** THE DATA follows **
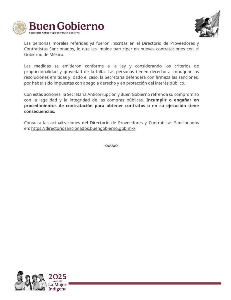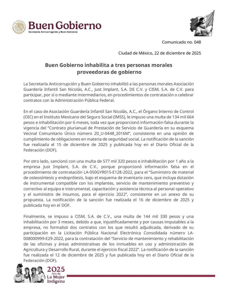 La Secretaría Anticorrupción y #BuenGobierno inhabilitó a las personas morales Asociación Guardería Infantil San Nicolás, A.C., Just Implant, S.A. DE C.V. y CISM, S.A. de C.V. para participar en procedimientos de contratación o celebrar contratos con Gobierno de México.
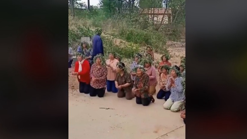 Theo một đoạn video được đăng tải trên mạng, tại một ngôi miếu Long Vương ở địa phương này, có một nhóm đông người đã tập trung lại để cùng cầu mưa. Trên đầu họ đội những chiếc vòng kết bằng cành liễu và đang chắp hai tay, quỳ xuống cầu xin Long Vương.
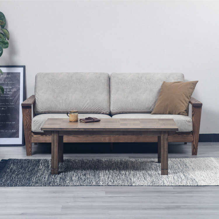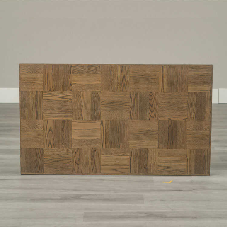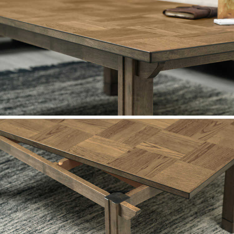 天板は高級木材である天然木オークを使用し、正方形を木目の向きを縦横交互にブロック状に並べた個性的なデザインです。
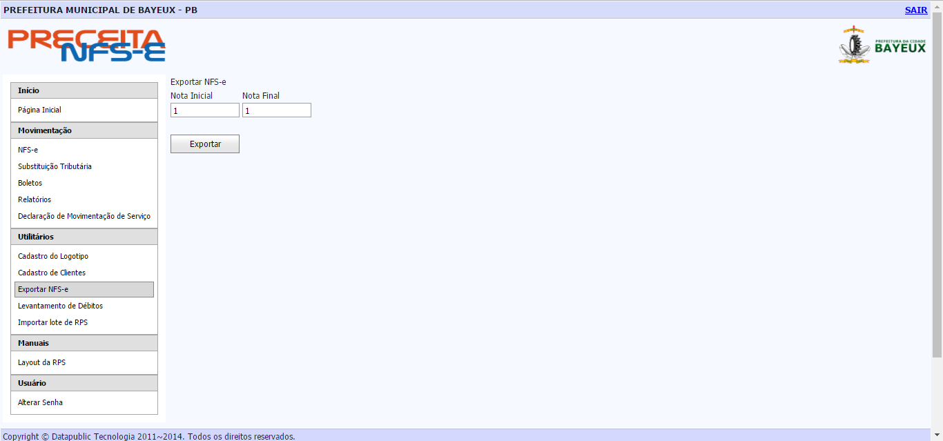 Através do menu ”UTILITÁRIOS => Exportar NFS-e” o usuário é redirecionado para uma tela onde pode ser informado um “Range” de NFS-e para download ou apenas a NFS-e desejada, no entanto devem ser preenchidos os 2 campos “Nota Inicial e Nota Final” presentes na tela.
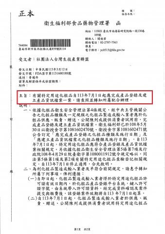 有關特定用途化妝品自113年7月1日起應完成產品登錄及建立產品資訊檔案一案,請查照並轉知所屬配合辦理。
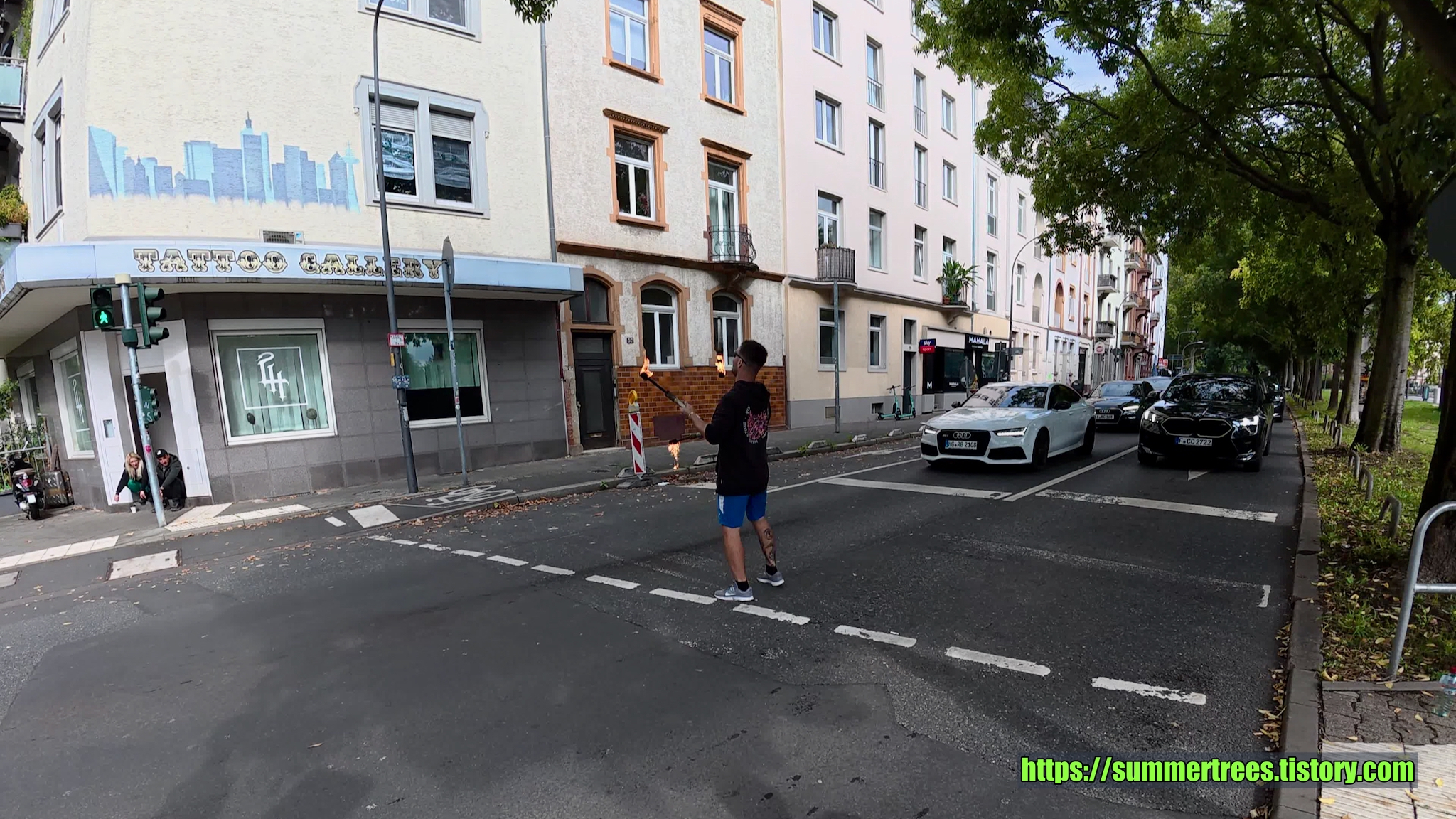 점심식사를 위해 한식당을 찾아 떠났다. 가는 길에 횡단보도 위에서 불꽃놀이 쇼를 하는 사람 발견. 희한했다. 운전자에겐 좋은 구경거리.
** End of THE DATA **
Transcribe the data exactly and leave no picture in the copy.

• [ANSWER FOR THIS EXERCISE]
 La Secretaría Anticorrupción y #BuenGobierno inhabilitó a las personas morales Asociación Guardería Infantil San Nicolás, A.C., Just Implant, S.A. DE C.V. y CISM, S.A. de C.V. para participar en procedimientos de contratación o celebrar contratos con Gobierno de México.
 Theo một đoạn video được đăng tải trên mạng, tại một ngôi miếu Long Vương ở địa phương này, có một nhóm đông người đã tập trung lại để cùng cầu mưa. Trên đầu họ đội những chiếc vòng kết bằng cành liễu và đang chắp hai tay, quỳ xuống cầu xin Long Vương.
 天板は高級木材である天然木オークを使用し、正方形を木目の向きを縦横交互にブロック状に並べた個性的なデザインです。
 Através do menu ”UTILITÁRIOS => Exportar NFS-e” o usuário é redirecionado para uma tela onde pode ser informado um “Range” de NFS-e para download ou apenas a NFS-e desejada, no entanto devem ser preenchidos os 2 campos “Nota Inicial e Nota Final” presentes na tela.
 有關特定用途化妝品自113年7月1日起應完成產品登錄及建立產品資訊檔案一案,請查照並轉知所屬配合辦理。
 점심식사를 위해 한식당을 찾아 떠났다. 가는 길에 횡단보도 위에서 불꽃놀이 쇼를 하는 사람 발견. 희한했다. 운전자에겐 좋은 구경거리.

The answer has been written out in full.